Hibernate ORM dan EclipseLink sama-sama implementasi Jakarta Persistence. Tetapi “implementasi spec” bukan berarti behavior identik di semua area. Spec mendefinisikan kontrak utama. Provider mengisi detail runtime: metadata model, lazy loading mechanics, dirty checking, flush ordering, cache architecture, query optimization, weaving/enhancement, dan extension APIs.

Mental model yang benar:

Jakarta Persistence gives the contract.
Hibernate/EclipseLink execute the contract.
The persistence context holds runtime identity and state.
The database enforces final truth through constraints, locks, transactions, and query plans.

1. Four-Layer Model

Untuk menganalisis masalah ORM, gunakan empat lapisan berikut.
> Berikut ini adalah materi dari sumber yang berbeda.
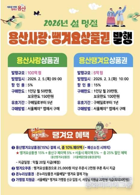 시민행정신문 강갑수 기자 | 서울 용산구가 2026년 설 명절을 맞아 구민의 소비 부담을 줄이고 지역경제를 활성화하기 위해 총 105억 원 규모의 ‘용산사랑상품권(100억)’과 ‘용산땡겨요상품권(5억)’을 발행한다.

Setiap bug ORM bisa dipetakan ke salah satu lapisan ini. Jangan langsung menyalahkan provider. Sering kali masalah berasal dari boundary yang kabur, mapping yang tidak merepresentasikan invariant, query shape yang salah, atau database constraint yang berbeda dari asumsi object model.

2. Jakarta Persistence sebagai Contract

Jakarta Persistence mendefinisikan standar untuk object/relational mapping dan persistence management di Java. Standar ini penting karena memberikan vocabulary bersama:

entity;
persistence unit;
entity manager;
persistence context;
lifecycle state;
mapping annotation;
JPQL;
Criteria API;
transaction interaction;
lock modes;
cache API;
lifecycle callback.

Namun spec sengaja tidak mengatur semua detail internal provider. Misalnya, spec tidak memaksa provider memakai algoritma dirty checking yang sama, cache implementation yang sama, lazy loading mechanism yang sama, atau SQL generation strategy yang identik.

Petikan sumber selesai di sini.